**Data provided**.

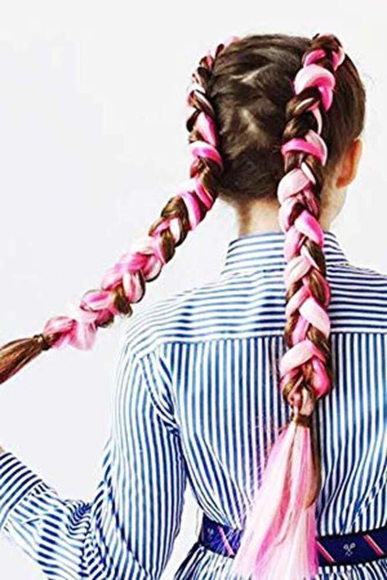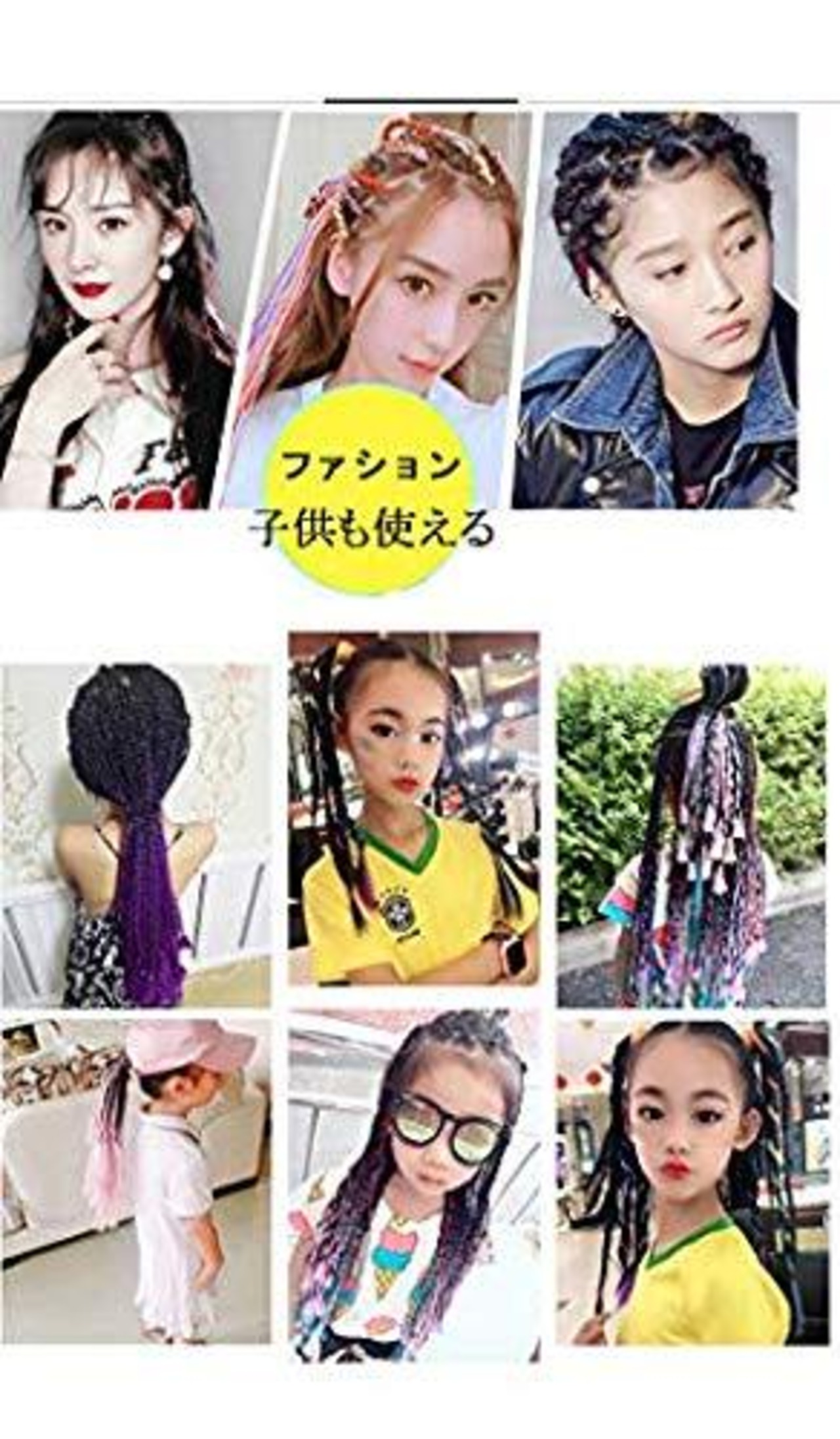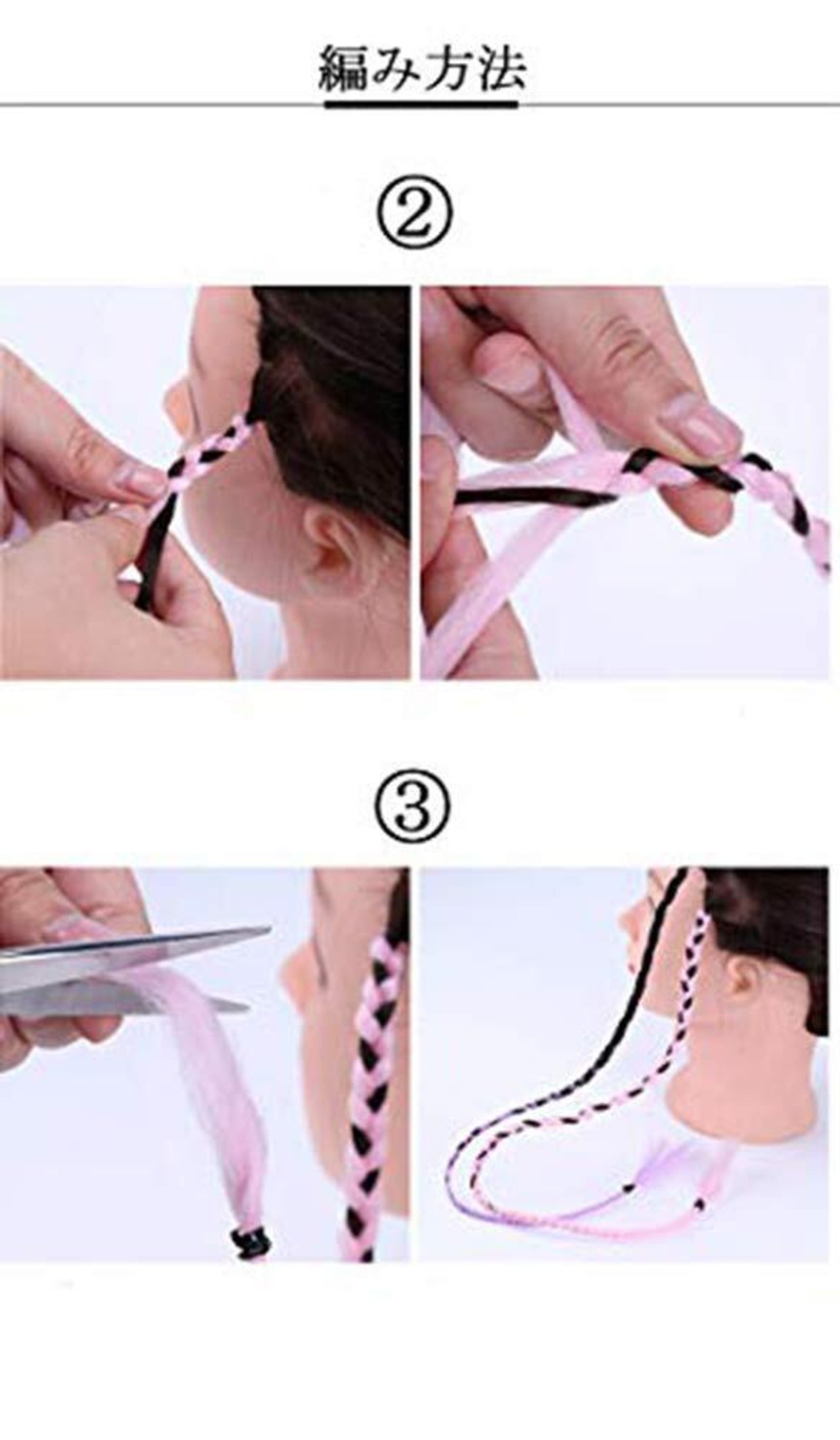 【使用方法】このジャンボブレイズを分けて、小さい束にして、何本に分けた後、ご自分の髪にセットします;そして、輪ゴムでおさげに固定してから、そのヘアリングを輪ゴムに覆います、すると、完成です
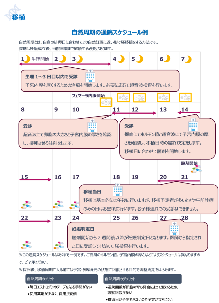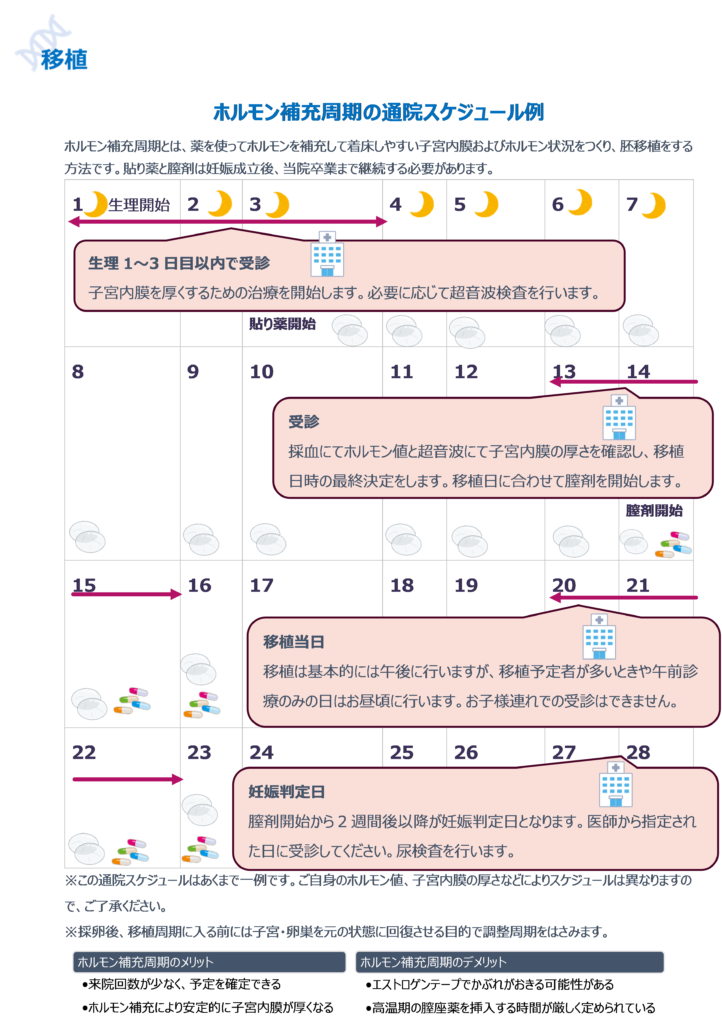 こちらはあくまで一例となります。移植周期の方法(ホルモン補充周期、自然周期)、ご自身の排卵日やホルモン値、子宮内膜の厚さによってスケジュールは異なりますので、ご了承ください。
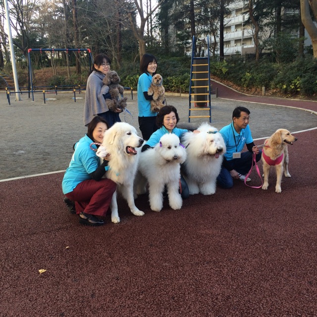 そこへ大型犬4頭、小型犬2頭での訪問です。アニマルセラピーの概略をお話し現役のセラピードッグと沢山触れ合っていただきました。中には「うちの子、セラピードッグになれるかも」と認定試験も始まったり(*^^*)
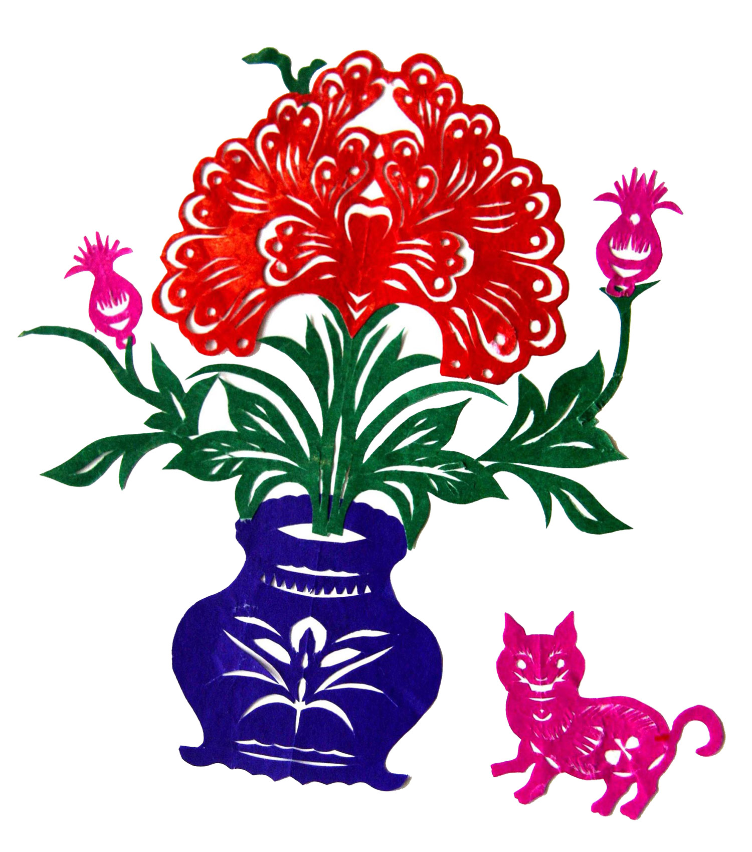 1978年穆玉艳出嫁到大荔县安仁镇小坡村。之后家里剪窗花、剪清明门门的事婆婆就交给了她,村上凡娶媳妇或嫁女的家户都请她剪裹布花、脸盆花、盖碗花、笸箩花、顶棚花等喜花。村上有老人去世,请她去剪纸幡、糊麻官,给棺木上剪大公鸡等。
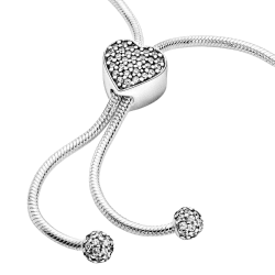 Această brățară tip Pandora Moments este concepută ca suport pentru talismane, având un design simplu și bine definit care pune în valoare charmurile adăugate. Structura sa flexibilă permite atașarea ușoară a elementelor decorative, oferind libertate în crearea unui stil personal.
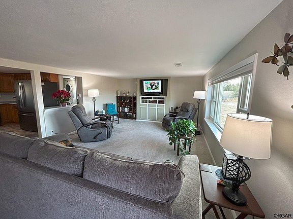 Country living at its best! This fabulous 3 bedroom, 2 bath home has lots of updates and is move-in ready. The home had new stucco in 2023. New Anderson windows in 2019. The kitchen was updated in 2023 and now features a wonderful island plus a large pantry. Refrigerator, dishwasher, gas range/oven ,washer, dryer and microwave are all included. Spacious laundry. Lights updated to LED. Home had a re-roof in 2021. There is a storage room in cellar which would be a great place for canned goods or wine. 2020 exterior doors were replaced. 2019 bathroom remodel. Carpet replaced in 2022. This one-acre property is a gardener's dream with 10 raised bed gardens total. approx. 200 sq ft. There is one share of Beaver Park irrigation included. Outbuildings include a 1 car garage with extra shop space with workbenches and cabinets, plus 2 storage sheds , one which is 16x12 and 2nd is 10x12. Covered back patio to enjoy the beautiful sunrises. Amenities include natural gas, city water, central air, new gutters in 2021.
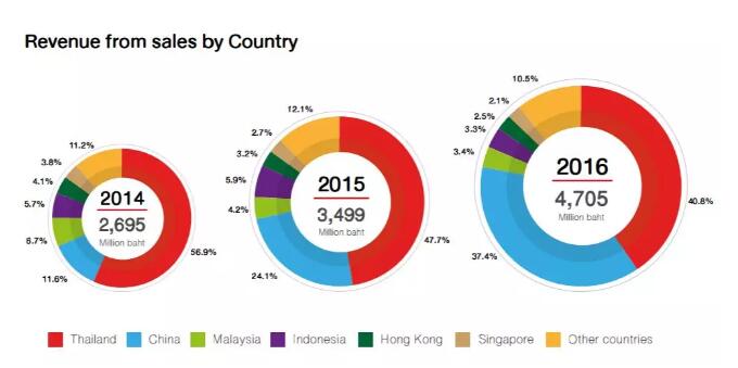 由图可知,小老板中国市场的收入占比一路攀升,从2014年的11.6%到2017年的40%,超过泰国本土销售收入,成为小老板一大市场。
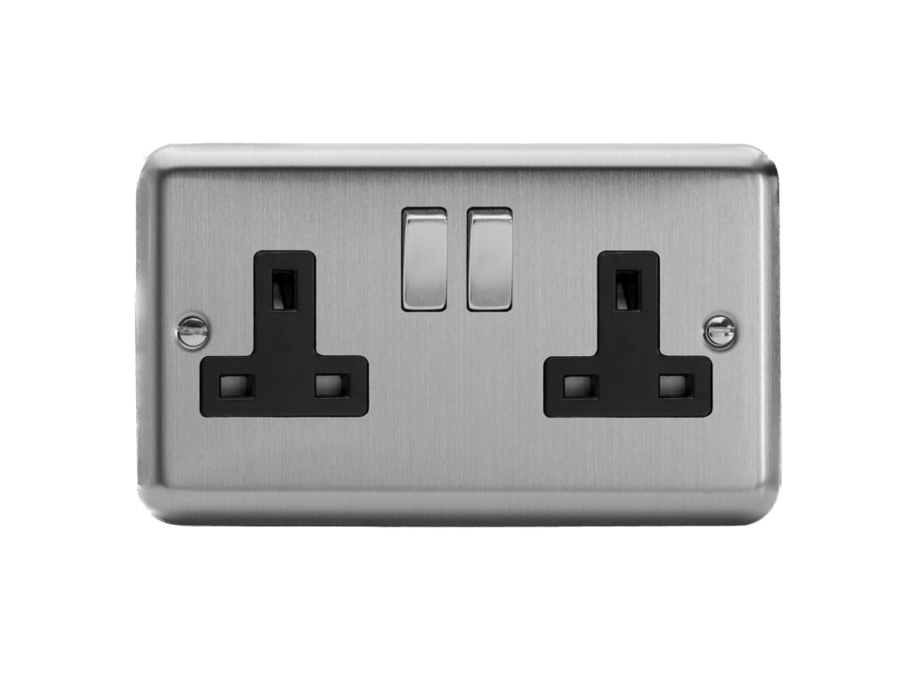 Síová zásuvka MAINS SOCKET - 2-modulový 13A 2-pólový britská zásuvka KLASICKÉ - matnì chromová / èerná

**Exercise details**. Your reply should contain only an exact copy of the lines from the beginning of the material through the line with "そこへ大型犬4頭、小型犬2頭", both ends included, with the pictures removed.

**Completed exercise**.
 【使用方法】このジャンボブレイズを分けて、小さい束にして、何本に分けた後、ご自分の髪にセットします;そして、輪ゴムでおさげに固定してから、そのヘアリングを輪ゴムに覆います、すると、完成です
 こちらはあくまで一例となります。移植周期の方法(ホルモン補充周期、自然周期)、ご自身の排卵日やホルモン値、子宮内膜の厚さによってスケジュールは異なりますので、ご了承ください。
 そこへ大型犬4頭、小型犬2頭での訪問です。アニマルセラピーの概略をお話し現役のセラピードッグと沢山触れ合っていただきました。中には「うちの子、セラピードッグになれるかも」と認定試験も始まったり(*^^*)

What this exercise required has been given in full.